Эти амбициозные шаги повторили и другие страны с развитой экономикой. Банк Англии также принял меры количественного смягчения, покупая облигации в том же масштабе, что и ФРС (с учётом размера британской экономики). Банк Японии экспериментировал с количественным смягчением с 2001 г., но после финансового кризиса удвоил усилия; с 2013 г. он генерировал больше денег по отношению к ВВП, чем любая другая зрелая экономика. Ответных мер Европейского центрального банка не было годами из-за сопротивления Германии и других северных государств-членов, но в 2015 г. он всё же присоединился к этой вечеринке. Центральные банки «большой четвёрки» вместе вложили около 13 трлн долларов в свои экономики в течение десяти лет после финансового кризиса.

Кризис, вызванный коронавирусом, ещё больше воодушевил центробанки. До пандемии экономисты беспокоились, что количественное смягчение вскоре перестанет быть эффективным или политически приемлемым.

Были и опасения, что законодательство после 2008 г. ограничило полномочия ФРС по проведению спасательных операций. «У правительства ещё меньше чрезвычайных полномочий, чем до кризиса», – написал в 2017 г. бывший министр финансов США Тимоти Гайтнер. Но как только началась пандемия, опасения развеялись. Уважаемый инвестор Говард Маркс недавно признался: «Я был среди многих, кто месяц назад волновался по поводу ограниченности арсенала ФРС. Теперь мы видим огромные возможности его потенциального инструментария».

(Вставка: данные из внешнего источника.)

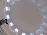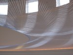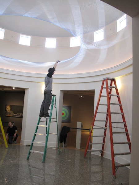 Warren Seelig sent these photos of his current installation at the Farnsworth Museum in Rockland, Maine. Titled Oculus, this installation is in the rotunda of the museum and is constructed of thousands of strands of monofilament intersecting in harmony to form a circular opening beneath the windows.
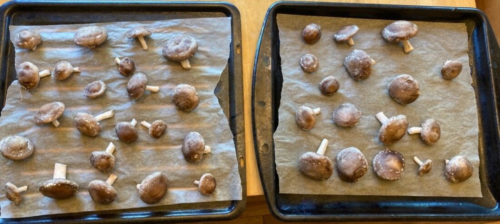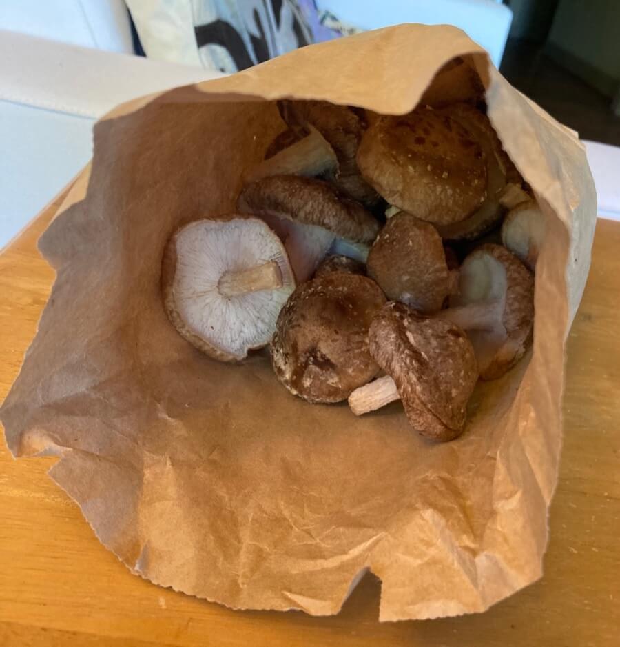 干し椎茸を店で買うとプラスチックの袋に入って売られているので、ファーマーズマーケットで生しいたけを買って自分で作ることにしました。この理由って変?プラスチックを減らす以外にも、ファーマーズマーケットで買うといいことは、ローカルでフレッシュで美味しいこと。しかも1ポンド10ドルで、スーパーで買うよりお得でした。
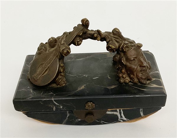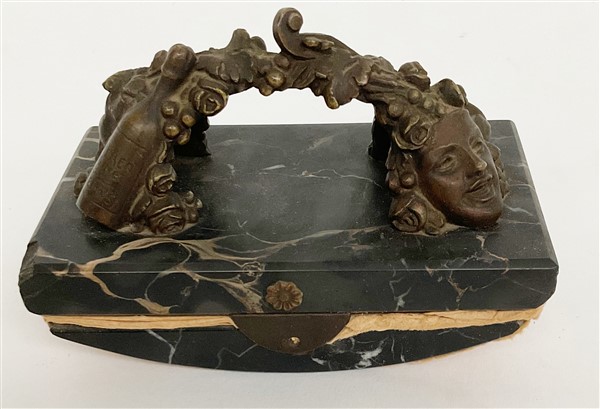Tampone asciuga inchiostro in marmo con impugnatura in bronzo raffigurante allegorie. Fine secolo XIX (cm 14x9,5x8) (difetti e mancanze)
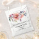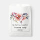 This elegant wedding favor bag showcases a beautiful rhododendron branch adorned with peach-pink flowers and greenery at the upper part. The couple's names are prominently displayed in decorative typography, adding a personal touch to the design. A heartfelt message of 'Thank You' is also included, expressing gratitude to the guests. Completing the look, an elegant thin black border gracefully adorns the bag, adding a touch of sophistication to any wedding celebration.

Федеральный резерв вступил в бой в марте, пообещав, что диапазон его действий будет фактически безграничным. «Когда дело дойдёт до кредитования, нас не остановит нехватка боеприпасов», – заявил председатель ФРС Джером Пауэлл. В то время как первые два раунда количественного смягчения ФРС, начатые в 2008 г. и 2010 г., включали заранее объявленное количество покупок, позиция Пауэлла была подчёркнуто открытой для изменений. В этом он следовал прецеденту, созданному в 2012 г. Марио Драги, тогдашним председателем Европейского центрального банка, который пообещал сдержать долговой кризис в Европе, «чего бы это ни стоило». Но обещание Драги было вдохновенным блефом, так как желание североевропейских государств поддерживать неограниченное вмешательство было нетвёрдым. Напротив, сегодня никто не сомневается в том, что ФРС пользуется поддержкой президента США и Конгресса для реализации своей максималистской риторики. «Чего бы это ни стоило», сказанное ФРС, прозвучало стократ громче.

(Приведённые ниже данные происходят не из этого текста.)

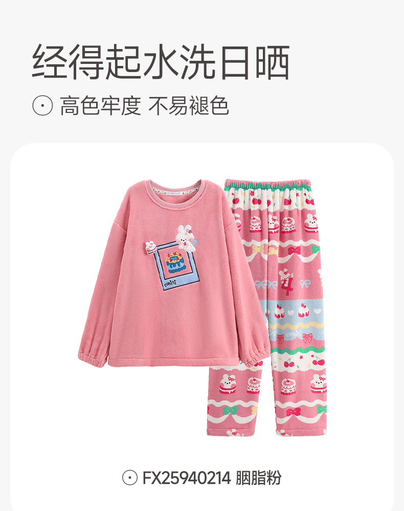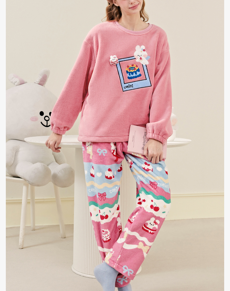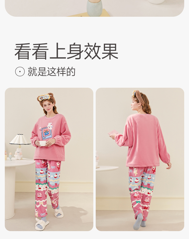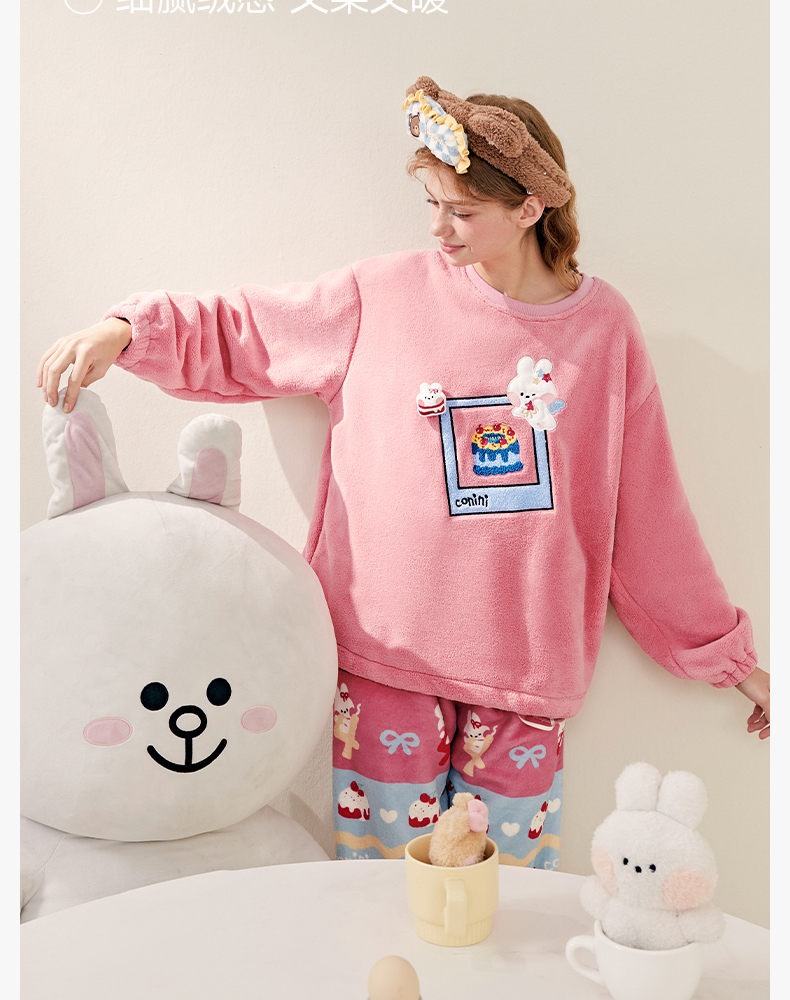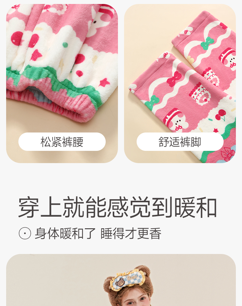 芬腾珊瑚绒女士睡衣秋冬加绒加厚保暖布朗熊套装法兰绒大码家居服
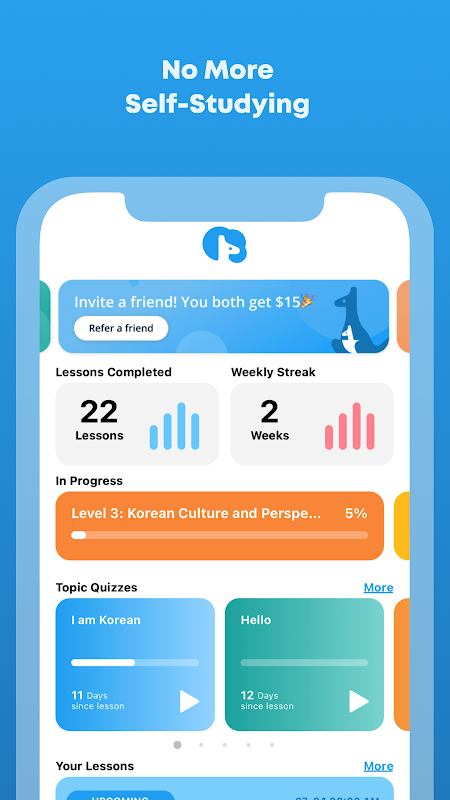2. Flexible scheduling: book lessons easily using the mobile calendar feature. Lessons are available from 7am - 11pm Korea standard time.

Решительные обещания ФРС совпали с немедленными действиями. В марте и первой половине апреля она вложила в экономику более 2 трлн долларов, что было почти вдвое более мощно, чем за все шесть недель после падения Lehman Brothers. При этом экономисты свободного рынка прогнозируют, что Центробанк купит более 5 трлн долларов дополнительного долга к концу 2021 г., превысив свои совокупные закупки с 2008 г. по 2015 год. Другие центробанки идут по тому же пути, хотя и не в таком масштабе. По состоянию на конец апреля Европейский центральный банк рассчитывал на смягчение в 3,4 трлн долларов, а Япония и Великобритания обещали в общей сложности 1,5 трлн долларов.

Разработка программ Федерального резерва выводит на новую территорию. После провала Lehman Brothers ФРС опасалась помогать нефинансовым компаниям, чья стабильность была слишком неустойчива для функционирования финансовой системы. Сегодня ФРС покупает корпоративные облигации (в том числе рискованные «мусорные»), чтобы гарантировать компаниям возможность брать кредиты. Она также работает с Министерством финансов и Конгрессом, чтобы получить кредиты для малого и среднего бизнеса. ФРС стала кредитором последней инстанции не только для Уолл-стрит, но и для Мейн-стрит (главная торговая улица города, метафорически – сектор малого и среднего бизнеса в противопоставление Уолл-стрит как символу крупного капитала – прим. ред.).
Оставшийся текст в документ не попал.